November 7, 2012
OpenMedia original article
CBC News: Superstorm shows value of endangered pay phones
New Yorkers were forced to turn to their neighbourhood's coin-operated phones last week as flood waters knocked out power and cellphone reception in areas ravaged by Sandy, the massive storm that swept across the Eastern Seaboard.
But a push from Bell Canada (TSX:BCE) and Bell Aliant Inc. (TSX:BA) could make it harder to find those payphones in Canada during emergencies.
Earlier this year, both companies made applications to the Canadian Radio-television and Telecommunications Commission for rate hikes that could double the price of a payphone call.
Under the submission, they are asked for the ability to boost the price of a local call to as much as $1 each, compared to the current price of 50 cents.
Then in September the two telecom companies added extra pressure to their request by saying that without a rate increase, they would be forced to get rid of their least profitable payphones.

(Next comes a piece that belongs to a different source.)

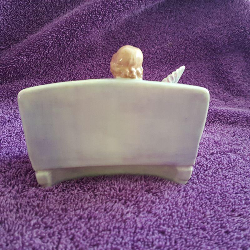 This auction lot is for a really cool Vintage Royal Doulton Tchotchke Lady with Fan on Settee. This well-marked English-made vintage piece measures about 5-inches long by 3-inches wide by 3-inches tall. Just right for an empty niche in your display cabinet.

That could mean that up to 25 per cent of their payphones in Ontario and Quebec would disappear if the CRTC doesn't allow them to raise prices.
"Bell needs the flexibility to adjust prices from the current 50 cents per cash call up to $1 to enable us to make the payphones business sustainable in the long term," said Bell spokesman Mark Langton in an email.
The matter is open to public comments until Dec. 14, while the telecom companies will respond by a mid-January deadline.
Payphones have been dying a slow death for years. Malls across the country have torn the majority of them out to make way for more public seating. At bars, a payphone is more likely to be a spot for place promotional stickers or graffiti than actually used for calls.
But while it might be considered an archaic technology by many Canadians who replaced them with mobile devices long ago, the hurricane served as a reminder that they still serve a purpose in emergency situations. Read more »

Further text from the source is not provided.